Suppose $Y\sim N(\mu,\sigma)$
I would like to investigate the distribution of:
$$\frac{1}{1+Y}$$
Does the distribution exist and is it well defined? Does it have analytically computable moments?
Googling hasn't lead to any concrete results, so I have attempted to derive its PDF using the method of derived distributions (I believe I have succeeded), and I have tried to compute it's mean (I haven't succeeded).

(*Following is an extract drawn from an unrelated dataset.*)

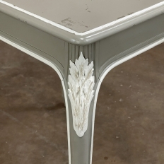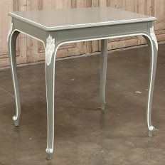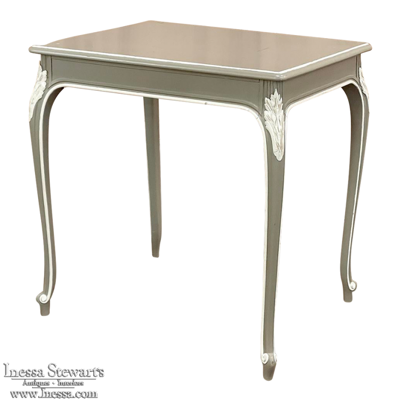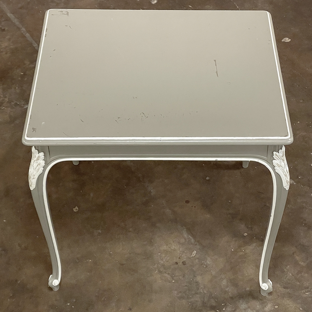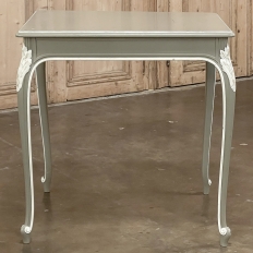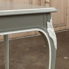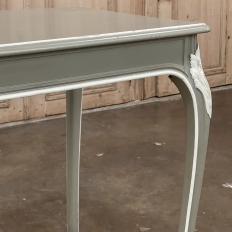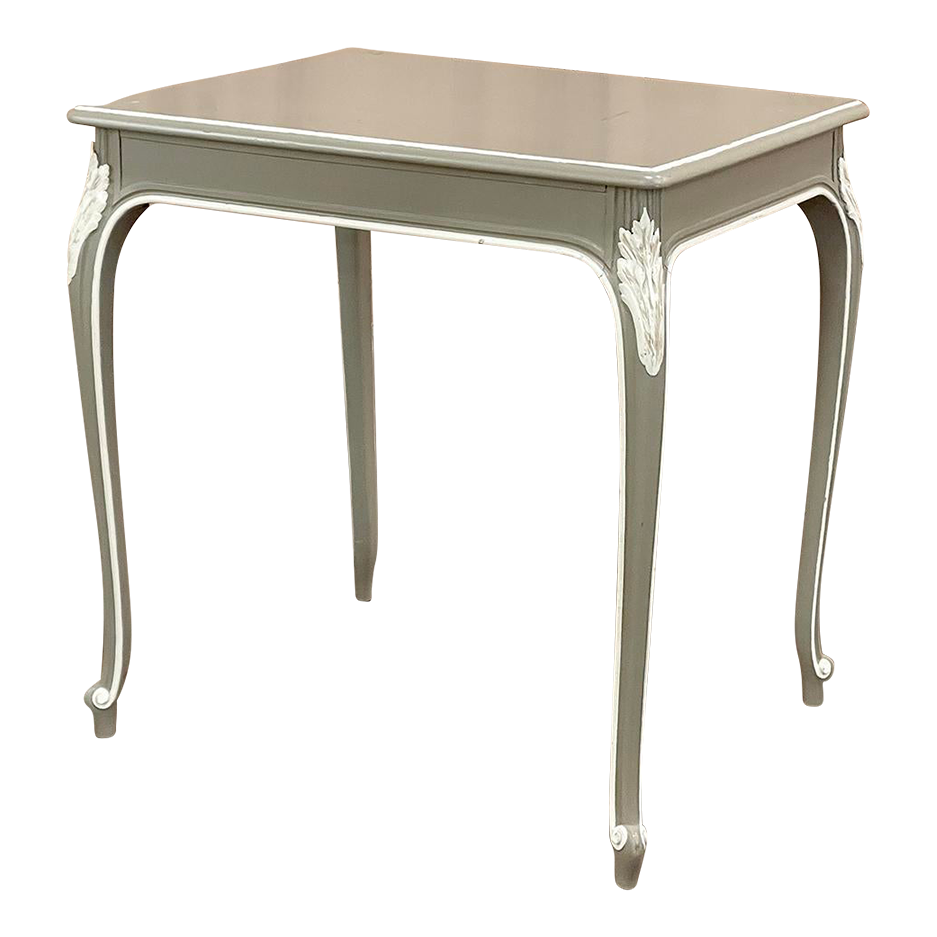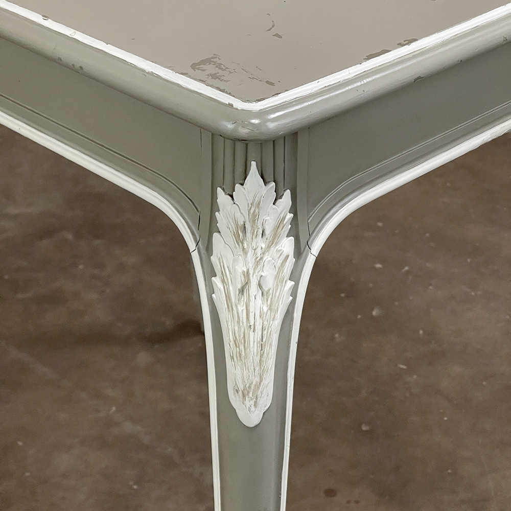 SaleAntique French Louis XV Painted Occasional Table represents the essence of tailored elegance, with a subtle architectural design that includes an rectangular top supported by a tailored apron all around, and four very subtly scrolled legs, each of which is accentuated by carved embellishments in the neoclassic theme augmenting the otherwise Louis XV overall effect. The carvings and molding are highlighted in off white to contrast with the taupe color of the rest of the piece, for a pleasing effect, and the size is such that it can be used just about anywhere, for a wide variety of purposes.

My work is as follows: let $X:=\frac{1}{1+Y}$, then:
$$F_X(x)=\mathbb{P}\left(X\leq x\right)=\mathbb{P}\left(\frac{1}{1+Y}\leq x\right)=\mathbb{P}\left(\frac{1}{x}-1\leq Y\right)=1-\mathbb{P}\left(Y\leq \frac{1}{x}-1\right)=1-F_Y\left(\frac{1-x}{x}\right)$$
Now (setting $d:=\frac{1-x}{x}$)
$$f_X(x):=\frac{\partial}{\partial x}\left(F_X\left(x\right)\right)=\frac{\partial}{\partial x}\left(1-F_Y\left(d\right)\right)=-\frac{\partial}{\partial d}F_Y(d)\frac{\partial d}{\partial x}=-f_Y(d)\left(\frac{-1}{x^2}\right)$$
So we finally have the PDF of $X$ as:
$$\frac{1}{x^2}\frac{1}{\sigma \sqrt{t2 \pi}}\exp\left\{-\frac{(d-\mu)^2}{2t\sigma^2}\right\}=\frac{1}{x^2}\frac{1}{\sigma \sqrt{t2 \pi}}\exp\left\{-\frac{(\frac{1-x}{x}-\mu)^2}{2t\sigma^2}\right\}$$
To simplify the above, I will do the following:
$$\left(\frac{1-x}{x}-\mu\right)^2=\left(\frac{1}{x}-1-\mu\right)^2=\frac{1}{x^2}-2(1-\mu)\frac{1}{x}+(1-\mu)^2+4\mu=\left(\frac{1}{x}-(1-\mu)\right)^2+4\mu$$
So that:
$$f_X(x)=\frac{1}{x^2}\frac{1}{\sigma \sqrt{t2 \pi}}\exp\left\{-\frac{\left(\frac{1}{x}-(1-\mu)\right)^2}{2t\sigma^2}\right\}e^{-\left(\frac{4\mu}{2t\sigma^2}\right)}$$
Now attempting to compute the expectation:
$$\mathbb{E}\left[X\right]=\int_{h=-\infty}^{h=\infty}hf_X(h)dh=e^{-\left(\frac{4\mu}{2t\sigma^2}\right)}\int_{h=-\infty}^{h=\infty}\frac{1}{h}\frac{1}{\sigma \sqrt{t2 \pi}}\exp\left\{-\frac{\left(\frac{1}{h}-(1-\mu)\right)^2}{2t\sigma^2}\right\}dh$$
I will use the substitution $v=\frac{1}{h}$, with $dh=\frac{-1}{v^2}dv$:
$$\mathbb{E}\left[X\right]=e^{-\left(\frac{4\mu}{2t\sigma^2}\right)}\int_{v=0}^{v=0}\frac{-1}{v}\frac{1}{\sigma \sqrt{t2 \pi}}\exp\left\{-\frac{\left(v-(1-\mu)\right)^2}{2t\sigma^2}\right\}dv$$
The above is where I get stuck, and the fact that the integral limit is from zero to zero makes me think the expectation might no be well defined, in the sense that it is not analytically computable?
Any further tips and hints would be greatly appreciated.